■ Problem description: Where the line containing "到2020年,服務經濟發(f" appears below, start there and repeat each line exactly to the end. Leave the pictures out.

--- Supplied records Enclosed Below ---

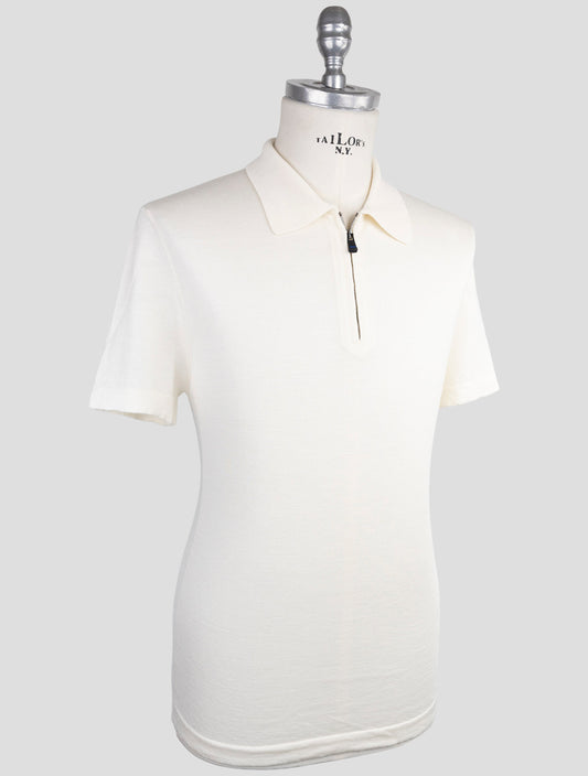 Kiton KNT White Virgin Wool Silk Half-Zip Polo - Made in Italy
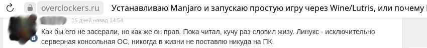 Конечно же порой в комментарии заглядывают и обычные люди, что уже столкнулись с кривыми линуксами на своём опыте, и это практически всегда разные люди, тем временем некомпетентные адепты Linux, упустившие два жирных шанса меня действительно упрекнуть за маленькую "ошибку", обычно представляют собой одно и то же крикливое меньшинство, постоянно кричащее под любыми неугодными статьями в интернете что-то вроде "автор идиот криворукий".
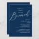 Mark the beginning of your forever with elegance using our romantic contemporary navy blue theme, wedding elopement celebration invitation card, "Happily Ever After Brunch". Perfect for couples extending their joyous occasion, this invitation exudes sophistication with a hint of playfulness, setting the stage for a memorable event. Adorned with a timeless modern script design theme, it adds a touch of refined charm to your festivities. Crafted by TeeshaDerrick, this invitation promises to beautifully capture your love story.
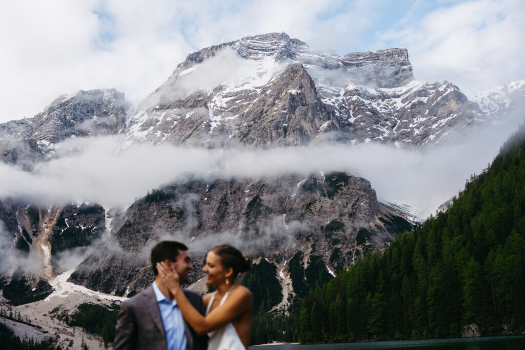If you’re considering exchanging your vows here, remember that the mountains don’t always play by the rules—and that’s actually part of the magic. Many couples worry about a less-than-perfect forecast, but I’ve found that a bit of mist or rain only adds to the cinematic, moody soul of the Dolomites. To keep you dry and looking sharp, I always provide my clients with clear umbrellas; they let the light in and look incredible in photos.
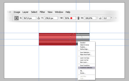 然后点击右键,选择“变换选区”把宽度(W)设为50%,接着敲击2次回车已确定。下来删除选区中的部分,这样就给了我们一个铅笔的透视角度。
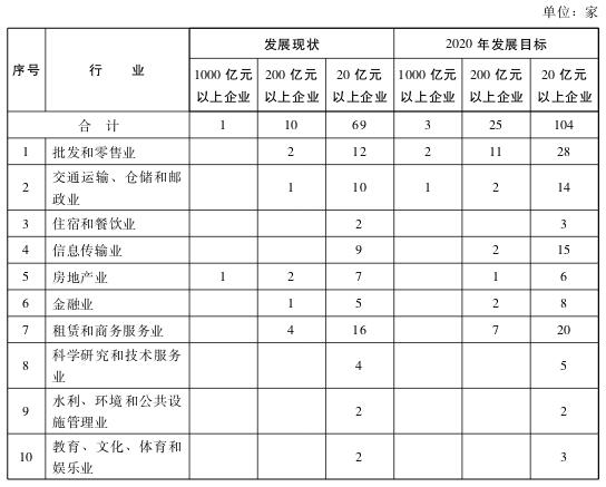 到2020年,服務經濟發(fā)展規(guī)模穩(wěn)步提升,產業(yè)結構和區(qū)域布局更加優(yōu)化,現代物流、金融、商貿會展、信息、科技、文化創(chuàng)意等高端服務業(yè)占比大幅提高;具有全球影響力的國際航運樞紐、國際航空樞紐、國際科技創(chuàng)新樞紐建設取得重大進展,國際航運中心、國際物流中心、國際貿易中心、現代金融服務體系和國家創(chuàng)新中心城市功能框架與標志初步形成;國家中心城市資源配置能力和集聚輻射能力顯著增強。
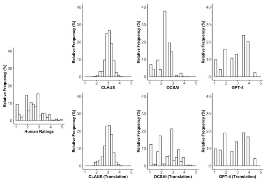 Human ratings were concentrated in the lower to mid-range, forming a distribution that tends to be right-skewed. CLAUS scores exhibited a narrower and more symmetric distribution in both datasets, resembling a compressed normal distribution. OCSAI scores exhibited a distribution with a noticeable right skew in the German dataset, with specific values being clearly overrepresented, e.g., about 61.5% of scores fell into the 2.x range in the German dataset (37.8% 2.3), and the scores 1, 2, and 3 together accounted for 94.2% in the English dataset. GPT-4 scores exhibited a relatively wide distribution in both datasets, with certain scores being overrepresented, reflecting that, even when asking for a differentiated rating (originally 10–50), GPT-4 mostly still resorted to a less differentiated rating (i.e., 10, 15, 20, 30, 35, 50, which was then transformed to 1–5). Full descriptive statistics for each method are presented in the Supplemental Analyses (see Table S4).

--- End of Enclosed Supplied records ---

■ Response box:
 到2020年,服務經濟發(fā)展規(guī)模穩(wěn)步提升,產業(yè)結構和區(qū)域布局更加優(yōu)化,現代物流、金融、商貿會展、信息、科技、文化創(chuàng)意等高端服務業(yè)占比大幅提高;具有全球影響力的國際航運樞紐、國際航空樞紐、國際科技創(chuàng)新樞紐建設取得重大進展,國際航運中心、國際物流中心、國際貿易中心、現代金融服務體系和國家創(chuàng)新中心城市功能框架與標志初步形成;國家中心城市資源配置能力和集聚輻射能力顯著增強。
 Human ratings were concentrated in the lower to mid-range, forming a distribution that tends to be right-skewed. CLAUS scores exhibited a narrower and more symmetric distribution in both datasets, resembling a compressed normal distribution. OCSAI scores exhibited a distribution with a noticeable right skew in the German dataset, with specific values being clearly overrepresented, e.g., about 61.5% of scores fell into the 2.x range in the German dataset (37.8% 2.3), and the scores 1, 2, and 3 together accounted for 94.2% in the English dataset. GPT-4 scores exhibited a relatively wide distribution in both datasets, with certain scores being overrepresented, reflecting that, even when asking for a differentiated rating (originally 10–50), GPT-4 mostly still resorted to a less differentiated rating (i.e., 10, 15, 20, 30, 35, 50, which was then transformed to 1–5). Full descriptive statistics for each method are presented in the Supplemental Analyses (see Table S4).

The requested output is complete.